In the hospitality space, delayed payments are causing severe strain. For instance, early this year, the Hyderabad-based Conclave Infratech filed an insolvency application against Oyo Rooms for breaching its contract of paying the hotel Rs.130,000 every month, since May 2018. Post COVID-19, Oyo’s partner hotels are getting uneasy. Gurbaxish Singh Kohli, vice president of the Federation of Hotel and Restaurant Associations of India, was quoted as saying that “we have reports that Oyo is now coercing hotels to agree and renegotiate to arbitrary and unreasonable terms by citing the pandemic.” Amlani fears that the cash crunch will force restaurants to delay payments to vendors. “Right now, restaurants only have enough capital to pay salaries for March. We normally hold inventory worth 15-20 days, but with a hit to our cash flow, we don’t know how we will pay these vendors. Our biggest concern is that small vendors of fruit and vegetable, and meat and fish suppliers who depend on us will also see a big impact,” he says.
Baying for stimulus
Though the government has announced a Rs.1.7 trillion (0.8% of GDP) fiscal stimulus, it’s unlikely that it would be enough to get businesses up and running. Rating agency Fitch believes the package is inadequate to support an economy of India’s size amid a likely global recession. “In contrast, countries such as Singapore and the US have already announced stimulus packages worth 11% and 10% of GDP, respectively, and still are prepared to do more if necessary,” it mentioned in a report. The agency expects the government to do more and estimates India’s fiscal deficit in FY21 to shoot up to 6.2% of GDP against the 3.5% projected by the government. That could mean more pressure on the rupee, which hit a record low of about Rs.76.55 against the dollar.

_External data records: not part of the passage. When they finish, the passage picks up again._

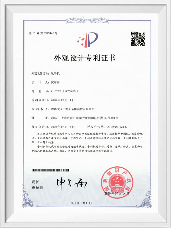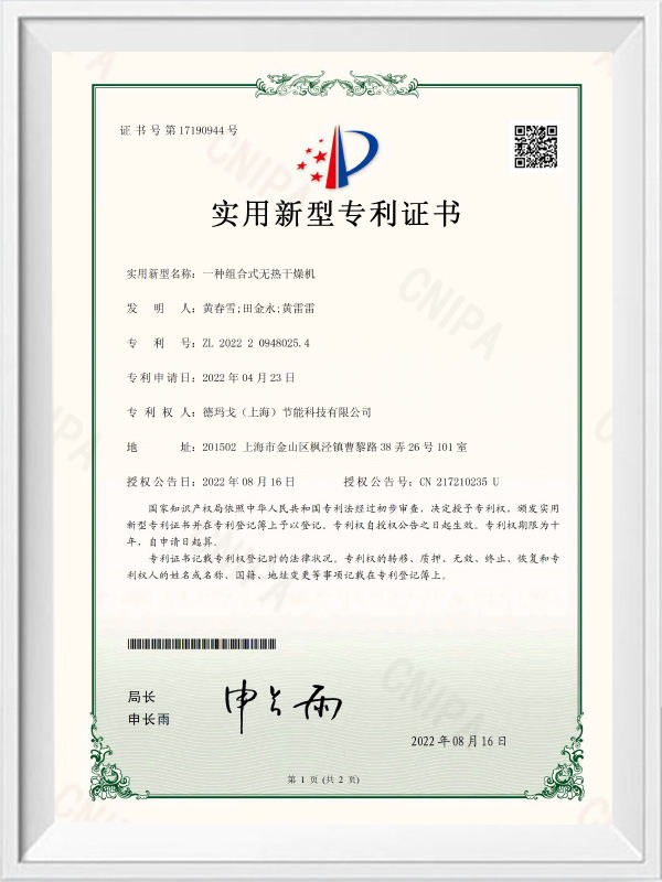Patentový certifikát modelu s vysokým tlakem tepelného sacího sušičky
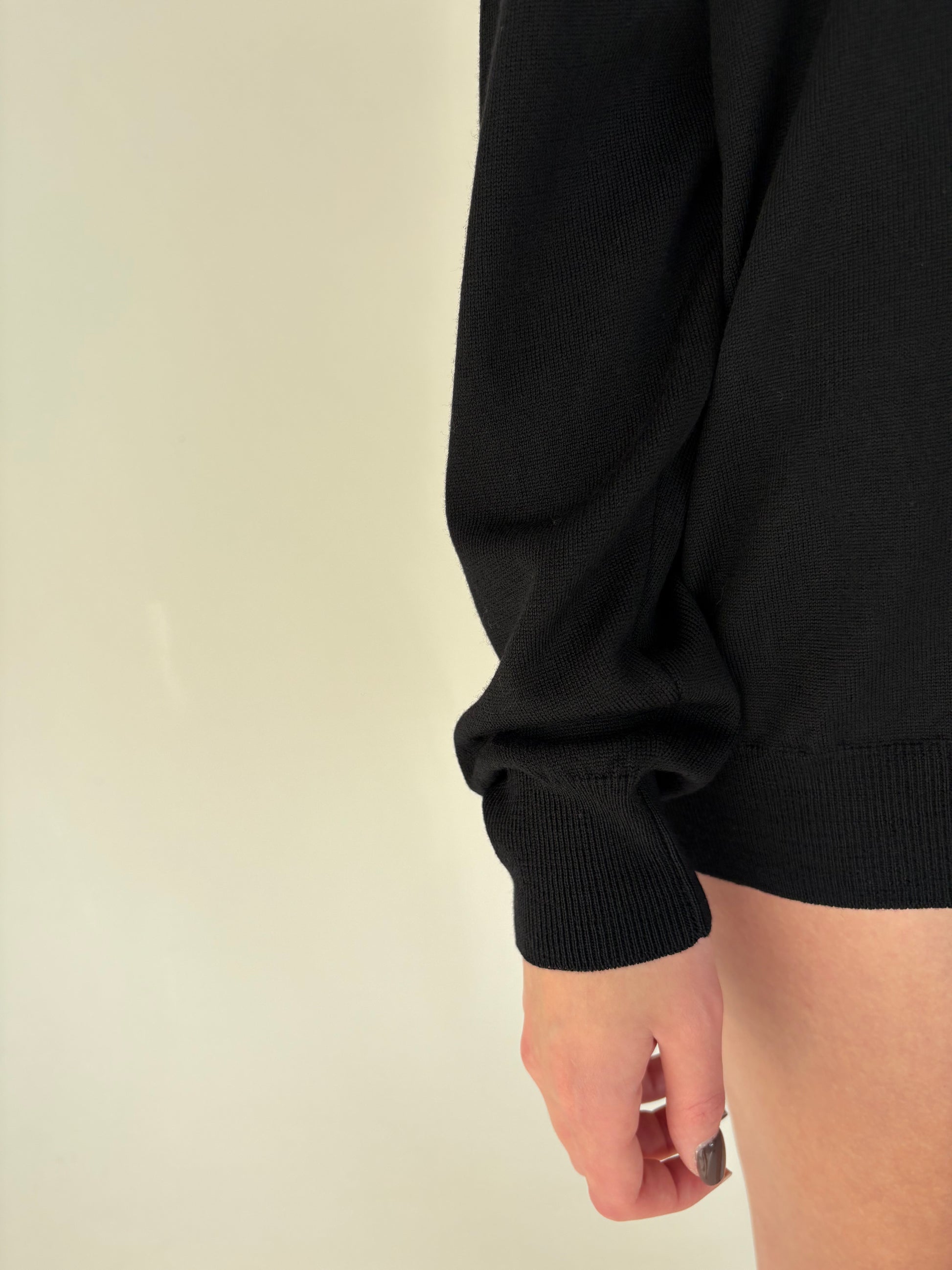 Pulover italian negru în anchior din lana merino extrafina de gramaj mare
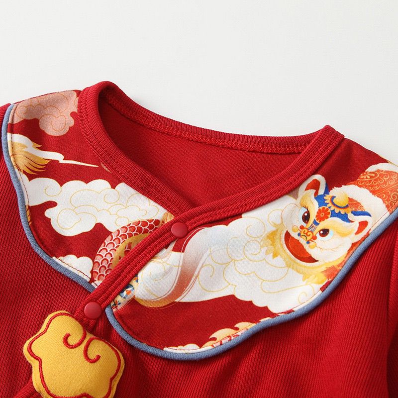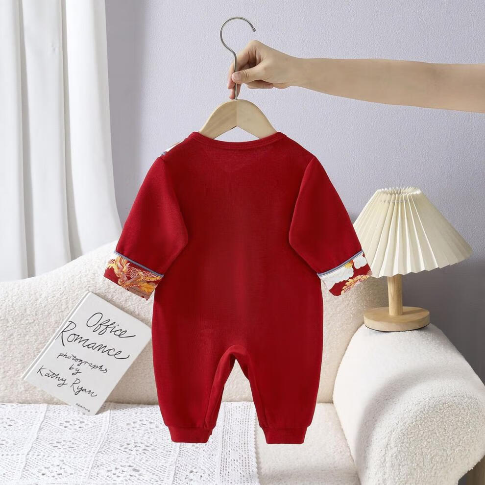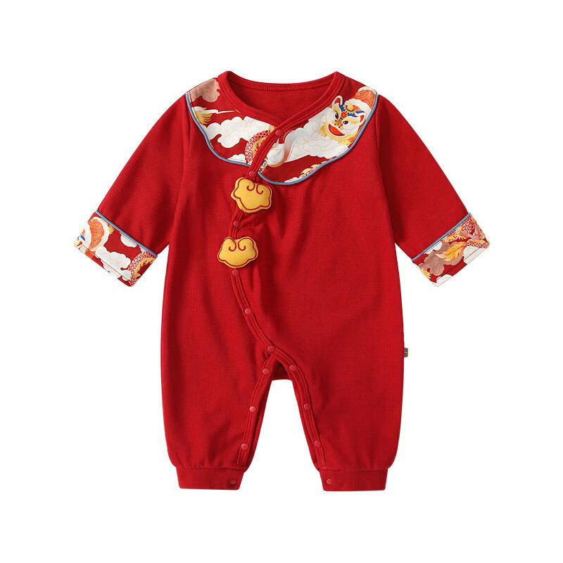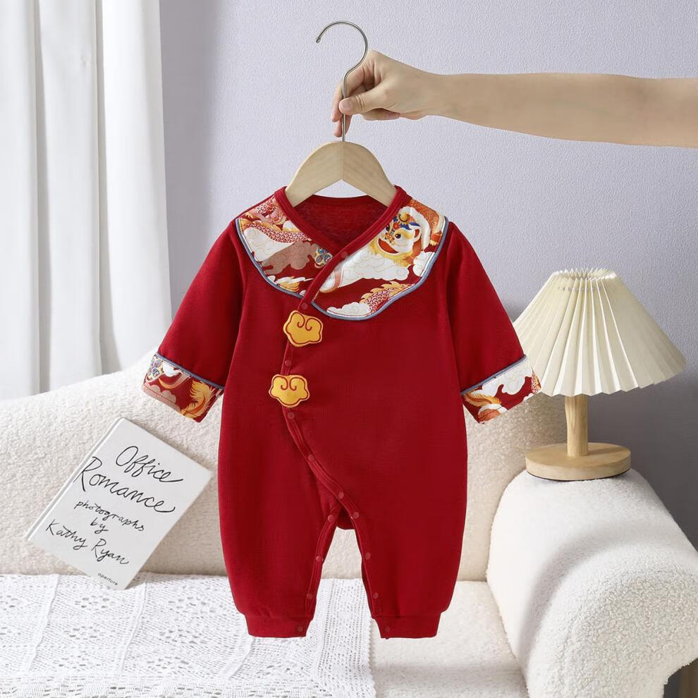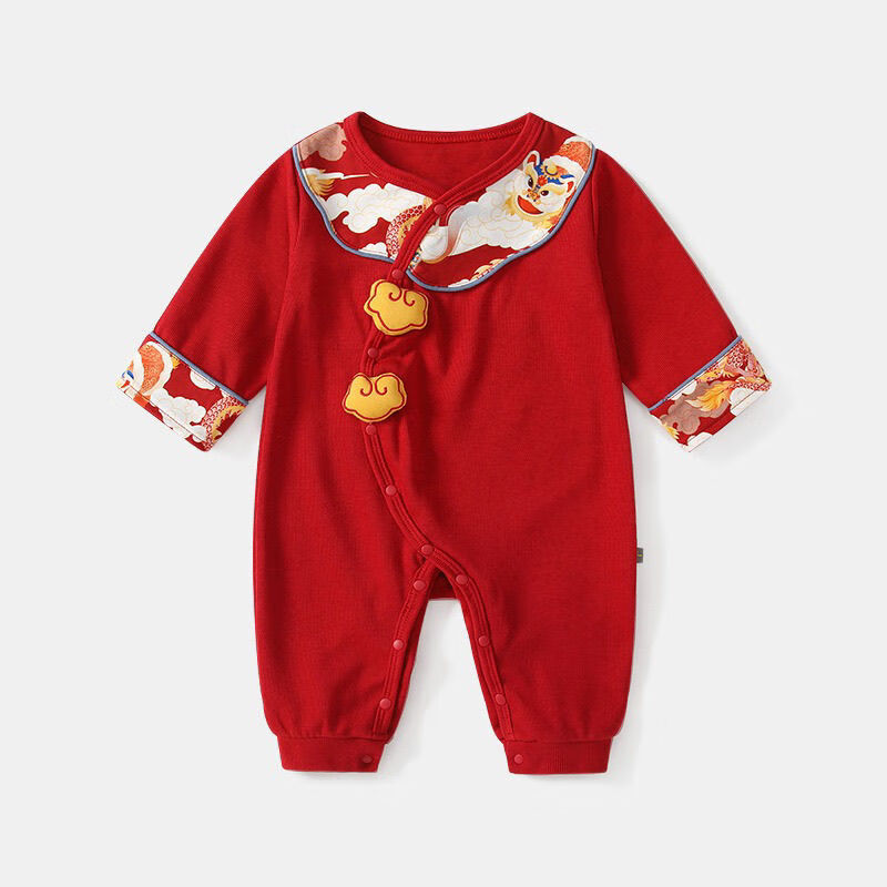 G.duck little yellow duck baby clothes spring and autumn full moon 100 days old red festive baby pure cotton jumpsuit one-piece dress red one-piece jumpsuit 59cm 59
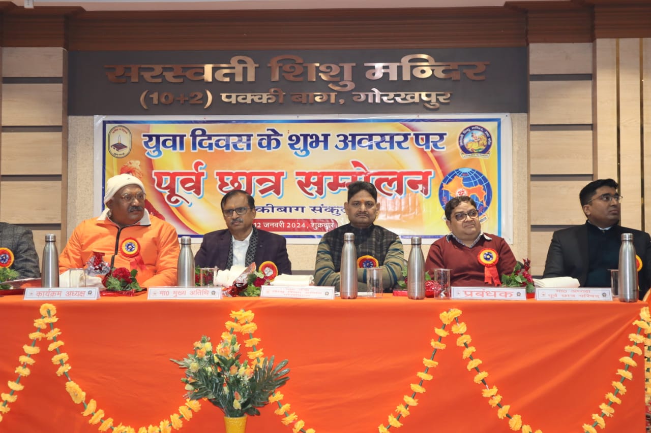 सरस्वती शिशु मन्दिर (10+2) पक्कीबाग गोररखपुर में आज युवा दिवस ‘’स्वामी विवेकानन्द जयंती’ के अवसर पर पक्कीबाग संकुल के ‘पूर्व छात्र सम्मेलन’ को संबोधित करते हुए डॉ मंगलेश कुमार श्रीवास्तव महापौर गोरखपुर ने कहा कि शिशु मंदिर की सोच ये नही है की मशीनी मानव पैदा करें बल्कि उनका उद्देश्य ये है की विवेकानन्द जैसे वीरों को तैयार करे। उन्होंने कहा कि व्यक्ति युवा केवल आयु से नहीं होता है बल्कि अपने विचारों से होता है।
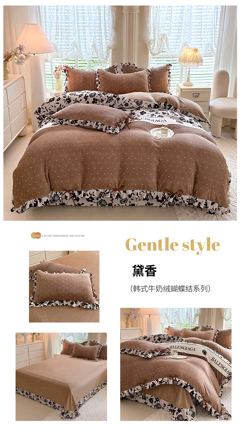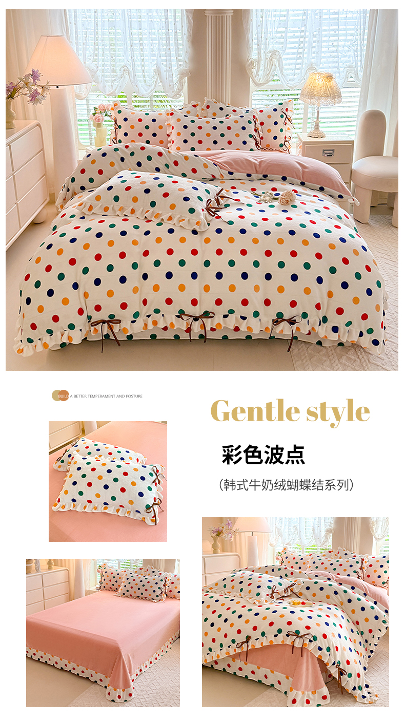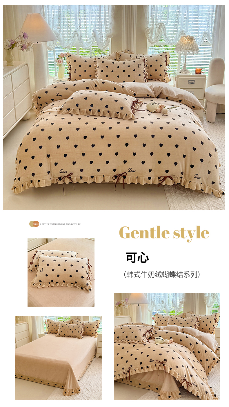 (总)韩约家纺 2025新款韩式蝴蝶结牛奶绒床盖款四件套,圆梦咖,斑马纹,豹纹小熊,彩色波点,黛香,蝶花,粉色豹纹,花枝韵,锦蝶,可心,浪漫花海,迷你字母
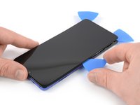Slide the opening pick along the top edge of the phone to cut the adhesive. Leave the pick in the top right corner of the screen to prevent the adhesive from resealing.
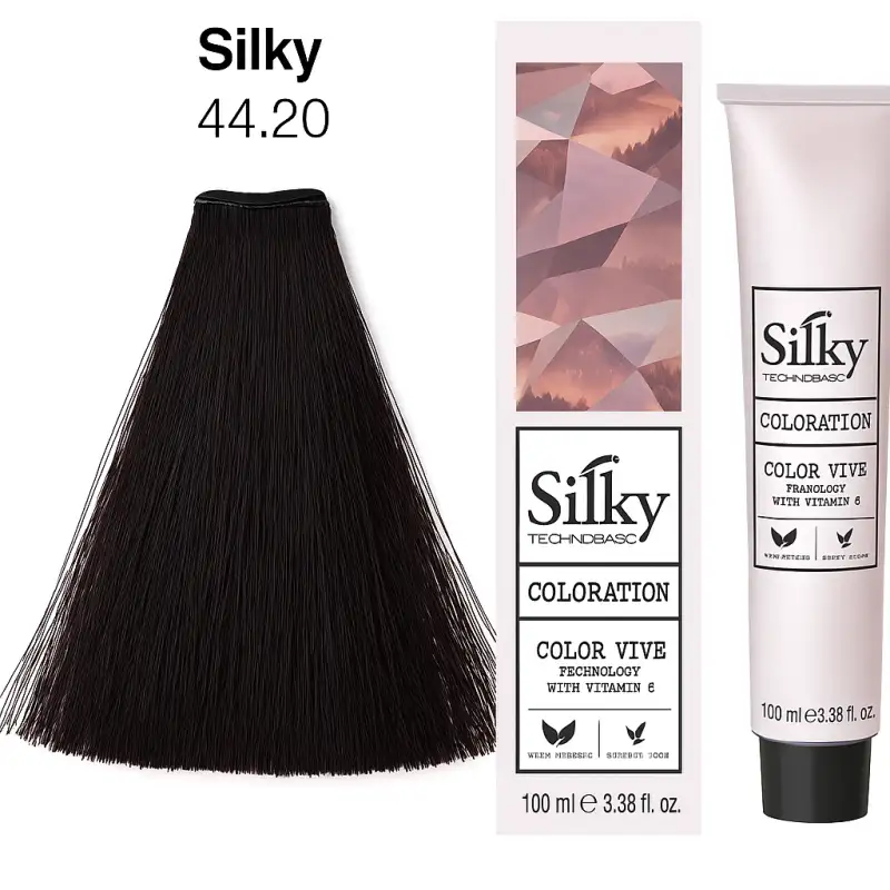 Silky Techno Fiolet to farba do włosów o intensywnym i głębokim odcieniu, który przyciąga spojrzenia i dodaje fryzurze artystycznego wyrazu. Zapewnia pełne krycie siwych włosów, trwałość pigmentu i lśniące wykończenie. Pielęgnująca formuła chroni włosy przed zniszczeniem, pozostawiając je miękkie, sprężyste i pełne koloru. Idealna do użytku profesjonalnego i domowego.
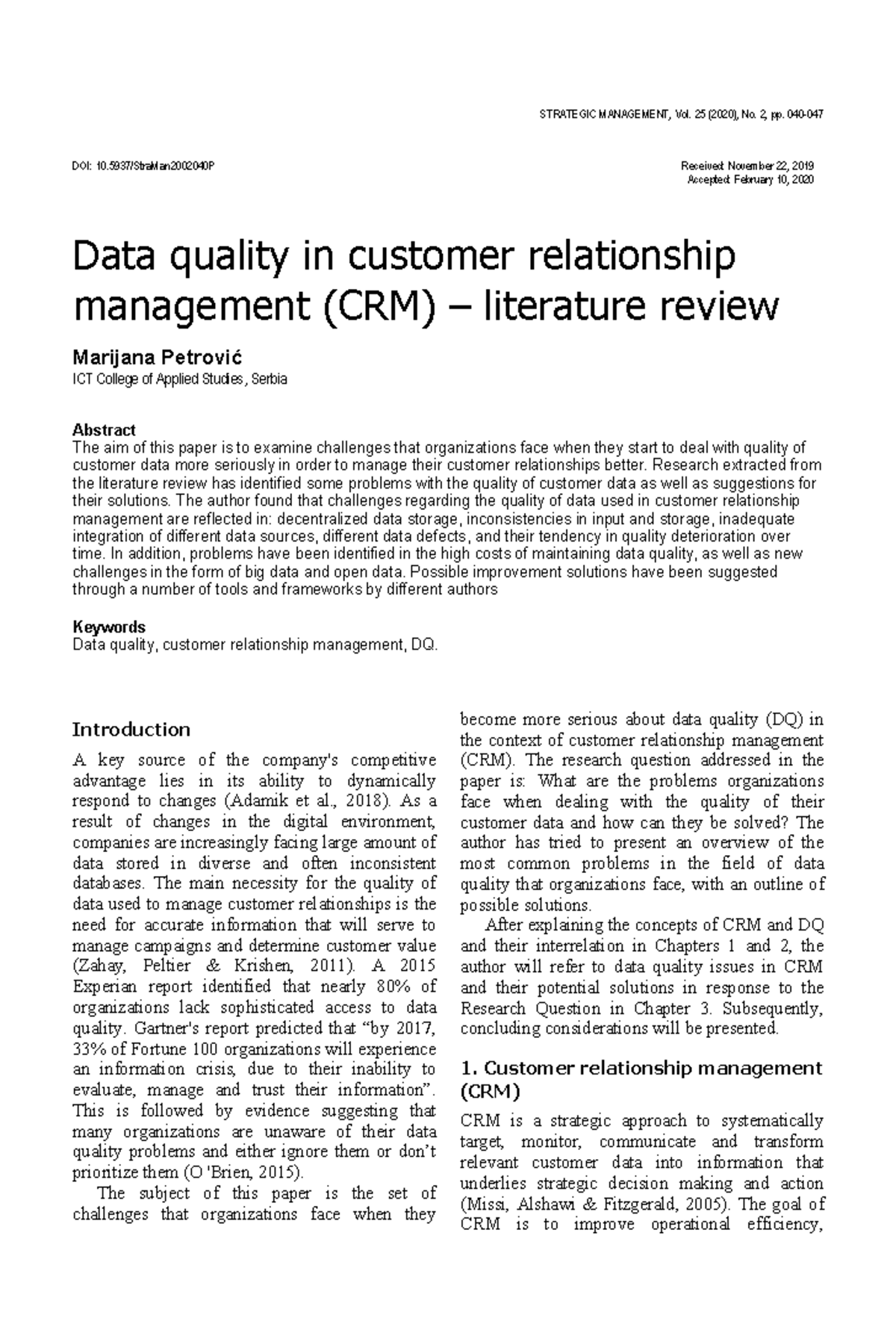 Data Quality Challenges in CRM: A Literature Review (STRATEGIC ...
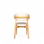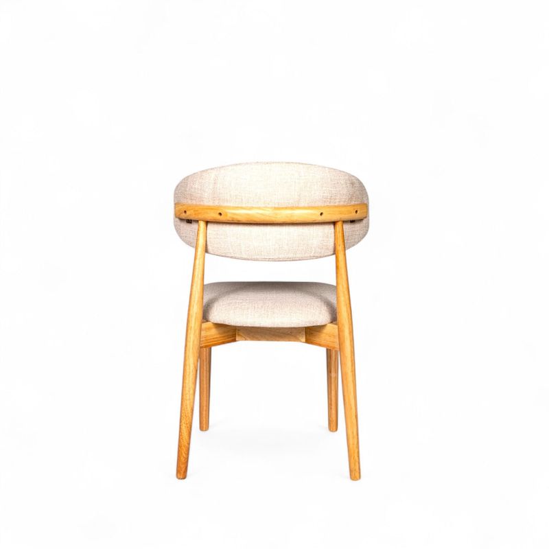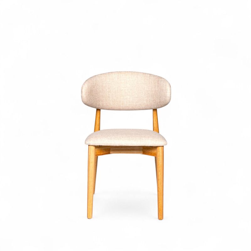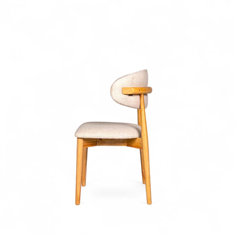 Silla para comedor de la colección Anton en color beige, con estructura y patas en madera con tapizado en lino, de estilo minimalista de ángulos inclinados. Esta silla de diseño moderno brinda comodidad y estilo.
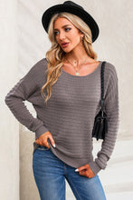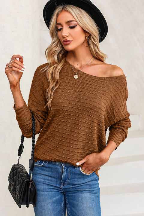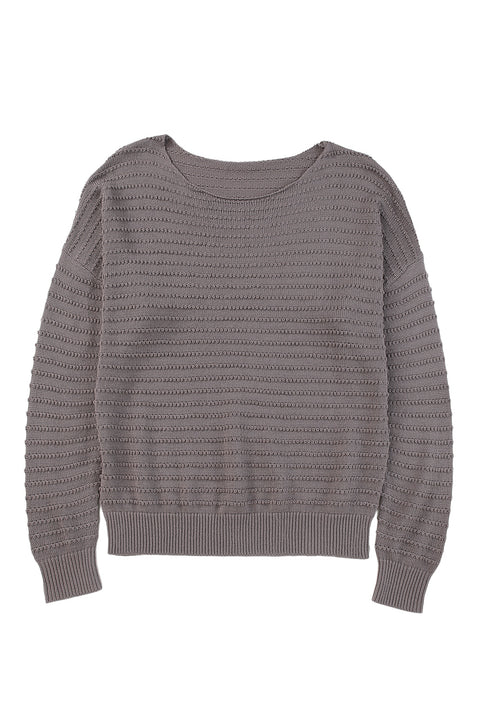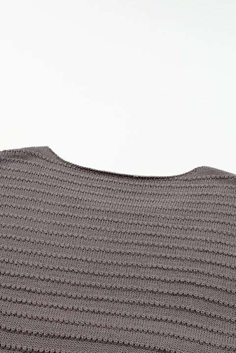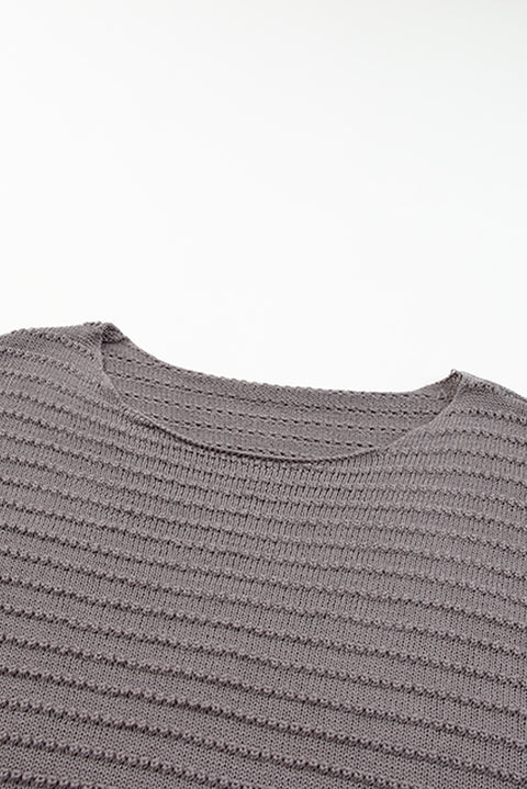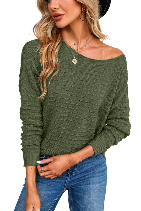 Green Textured Knit Round Neck Dolman Sleeve Sweater
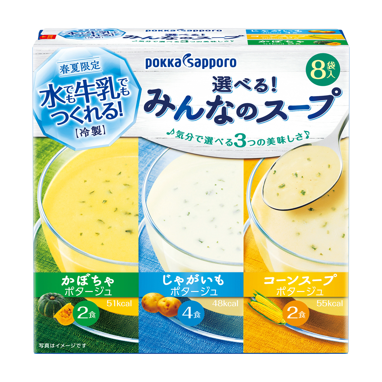 - 水でも牛乳でも作ることができる冷製スープのアソートタイプ。1箱で3種類の冷製スープが楽しめます。じゃがいも4食、コーン2食、かぼちゃ2食が入った8食セット。
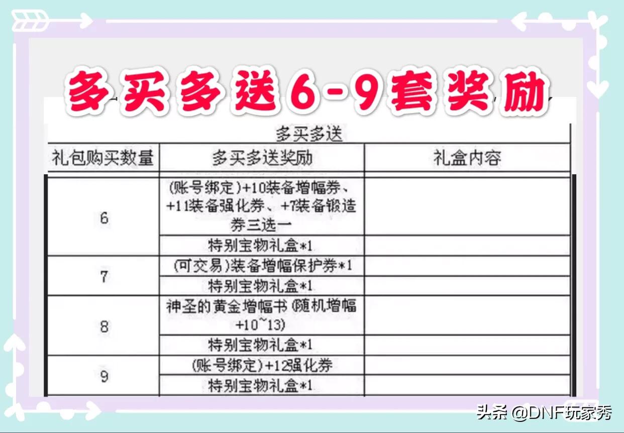 (二)当购买6-9套的时候,将获得和2019年多买多送类似的奖励,10增幅券,12强化券,增幅保护券。
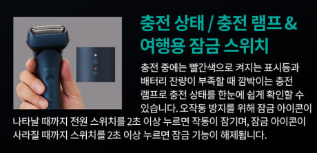 여행용 잠금 모드는 캐리어나 가방에서 면도기 버튼이 눌려 제멋대로 작동하는 것을 방지하는 기능입니다. 보통 전원 버튼을 길게 누르고 있으면 잠금이 걸립니다.
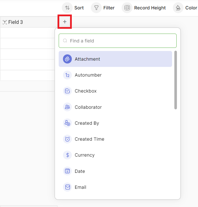 1. Click the + icon on the field header.

There aren’t going to be easy answers yet. Meanwhile, like Bijli does, corporate heads could catch up on fun, breezy movies like Jojo Rabbit. “I don’t want to see sombre movies, because the environment is so bleak,” he says. Bijli also uses his extra hours for his riyaz (he was the lead singer of a college band, named Modus Operandi) and take lessons over Skype. In the evenings, he sings bhajans for his mother. About what lies ahead for India Inc, he says, “I am brushing up on Candle in the Wind.” That’s a song about losing a star when she was shining bright, and had so much yet to give.